Subject: Re: pciide lost interrupt - losing access to the file system
To: Manuel Bouyer <bouyer@antioche.lip6.fr>
From: Johan Ihren <johani@pdc.kth.se>
List: current-users
Date: 10/15/1999 09:31:38
Manuel Bouyer <bouyer@antioche.lip6.fr> writes:
> On Wed, Oct 13, 1999 at 10:04:59PM -0400, Rick Byers wrote:
> > Hi,
> >
> > I'm having a problem with NetBSD-current/i386 (a few days old). I wasn't
> > having this problem a few months ago (sorry I can't be more specific).

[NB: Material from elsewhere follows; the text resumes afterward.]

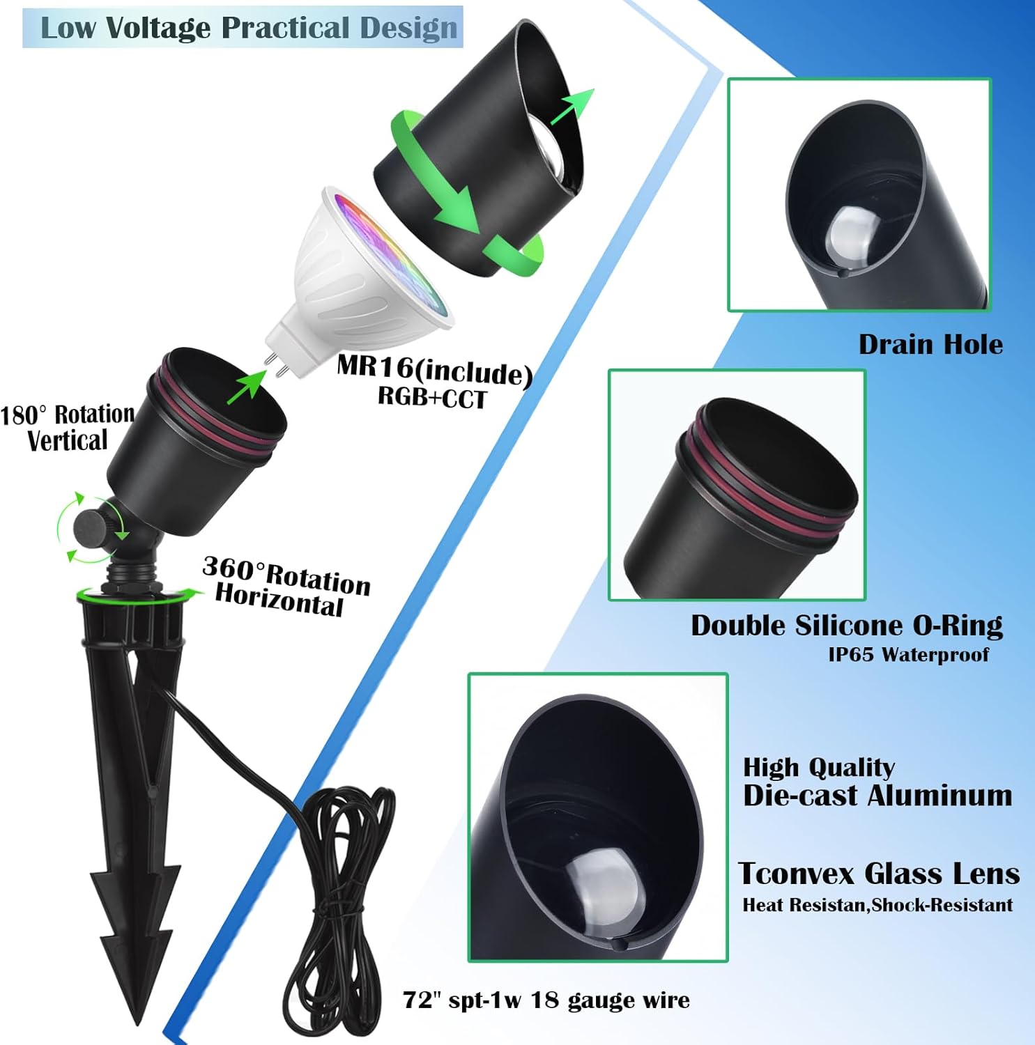 - 1.RGB & Tunable White Light: Bring your outdoor space to life with 16 million color options and warm to cool white. Whether highlighting your garden, pathways, or patio, easily adjust the low voltage 12V landscape lighting to create captivating effects for any occasion. From vibrant parties to relaxing evenings, these lights offer endless customization for the perfect atmosphere.
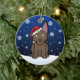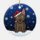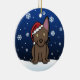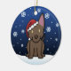 Cute Australian Kelpie Christmas Ornament, drawn in kawaii cartoon! This adorable dog breed is wearing a red Santa hat, and snowflakes are falling all around him. Absolutely adorable, perfect for the dog lover's Xmas tree!

> > I've got two harddrives, wd0 is my windoze drive, wd1 is my NetBSD drive.
> > When playing mp3s (music files) from my NetBSD drive I get the following
> > kernel messages every minute or so (and access to the disk is suspended
> > for a few seconds):
> >
> > pciide0:0:1: lost interrupt
> > type: ata
> > c_bcount: 8192
> > c_skip: 0
> > pciide0:0:1: Bus-Master DMA error: missing interrupt, status=0x61
> > wd1e: DMA error writing fsbn 1517072 of 1517072-1517087 (wd1 bn 1694480; cn 1681 tn 0 sn 32), retrying
> > wd1: soft error (corrected)
> >
> > When playing mp3s from my Win95 drive, I get the same sort of message, but
> > instead of "wd1: soft error (corrected)", I get "pciide0:0:0: missing
> > untimeout" and the system never recovers - all access to either disk just
> > blocks forever. I can break into the debugger and do a "reboot", but I
> > get "syncing disks ... panic: lockmgr: no context".
>
> This is interesting, it shouldn't happens. I can't look at this rigth now but
> I'll try in the next few days. As you can reproduce the problem, maybe you'll
> can test some patches for me ?
> Oh, and please send-pr this so it doesn't get lost.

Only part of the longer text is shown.